A sovereignty fight over who controls how Tehran's frozen funds are spent is emerging as the first serious fault line in the June 17 U.S.-Iran memorandum of understanding, with U.S. and Iranian negotiators meeting Sunday at Bürgenstock, near Lucerne, Switzerland, to begin implementation talks. Alex Vatanka, senior fellow at the Middle East Institute, warned that the disagreement will likely become one of the first major implementation disputes in the weeks ahead.

Two Narratives, One MOU Clause

Paragraph 11 of the MOU framework states that the United States "undertakes to make fully available" restricted and frozen Iranian funds, but ties any release to a step-by-step compliance process rather than immediate, unrestricted access. That gap between the letter and the mechanism is where the competing interpretations diverge.

Iranian President Masoud Pezeshkian opened Sunday by stating publicly that $6 billion of Iranian funds held in Qatar would be returned. President Donald Trump, speaking at the G7 summit in Évian-les-Bains, France, acknowledged the funds belong to Iran — "we froze it," he said — while writing on Truth Social that Iran would receive "not ten cents" during the 60-day negotiation period if it fails to uphold its commitments.
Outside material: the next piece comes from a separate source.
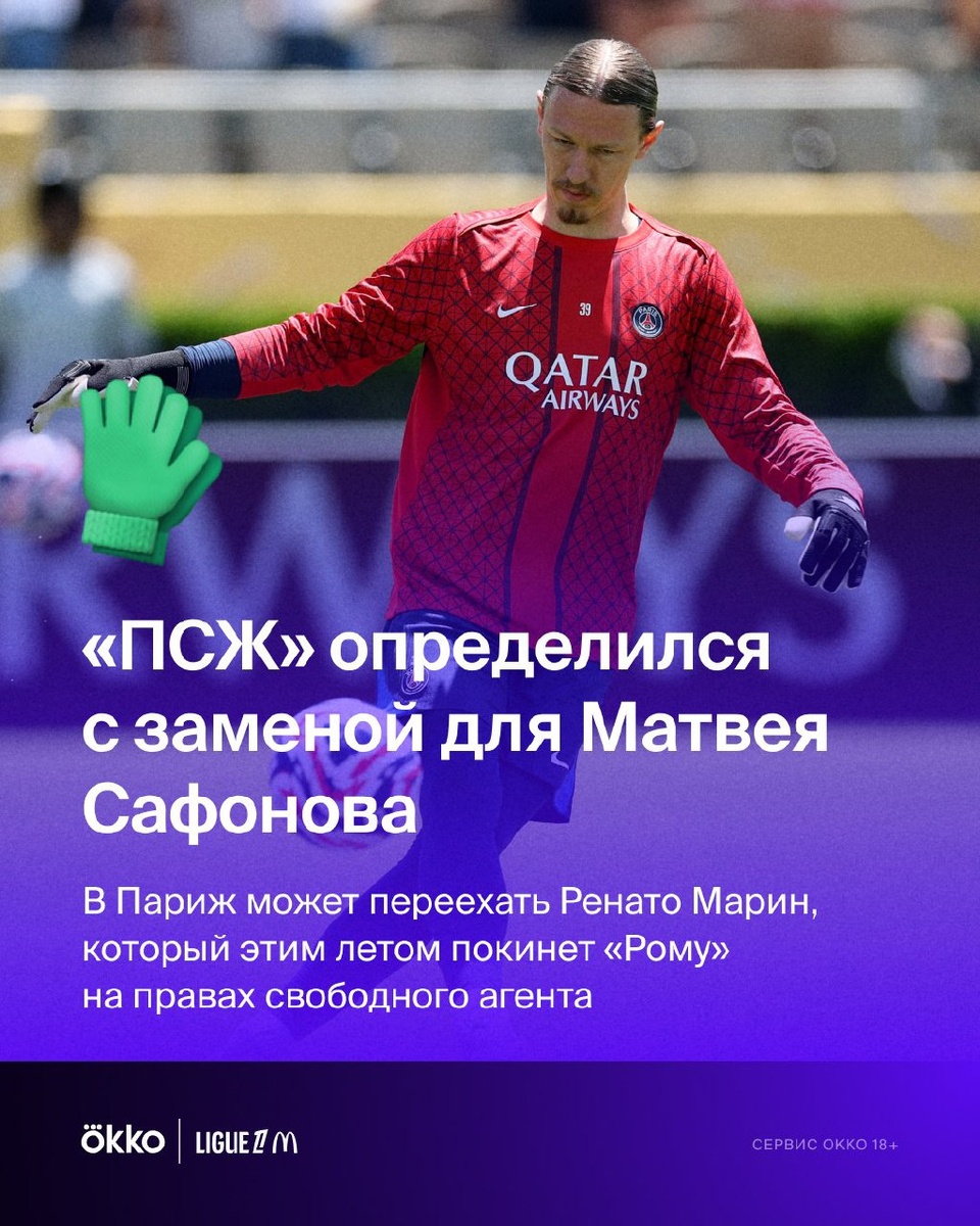 Как сообщает Goal, «ПСЖ» уже договорился о переходе нового вратаря: в Париж может переехать голкипер «Ромы» Ренато Марин, который в ближайшее время покинет римский клуб на правах свободного агента 👀

Scale and Control: The Dual Dispute

The first uncertainty is the total pool of frozen assets. Iranian officials cite figures above $100 billion; Wall Street Journal reporting places the total at between $100 billion and $120 billion, held across China, India, Iraq, and South Korea. The immediate Bürgenstock negotiations, Vatanka told Fox News Digital, appear focused on securing access to roughly $24 billion to $25 billion as an initial tranche.

The second dispute is structural. Tehran is framing the roughly $25 billion as sovereign capital to be invested in domestic infrastructure — roads, airports, and transport corridors. Washington is describing something narrower: controlled disbursement through approved mechanisms, with the U.S. and Qatar exploring a channel for an initial $6 billion limited to humanitarian purchases including food and medicine.

Proxy-Financing Risk Complicates Oversight

Western intelligence officials are pressing a third concern: diversion. Reuters reported that Iran has already signaled to Hezbollah that increased financial support could resume if Tehran's cash flow improves. Vatanka noted that Iran has pledged to direct a portion of reconstruction funds toward supporting its proxy network in Lebanon. The United States has made clear that asset access would be revoked if Tehran uses any unfrozen funds to finance terrorist organizations.

Qatar's Foreign Ministry confirmed Sunday that technical teams are negotiating the final deal while oversight groups monitor implementation and track compliance milestones — a structure designed to give Washington conditional control over the release cadence.

What the Talks Leave Unresolved

Vatanka framed the frozen-asset question as a political test of trust as much as an economic one. "Releasing frozen assets is not simply an economic question," he said, adding that it will likely surface as a central dispute in the weeks ahead. With the 60-day negotiation clock running and the disbursement mechanism still contested, the Bürgenstock round leaves the most consequential implementation detail unresolved.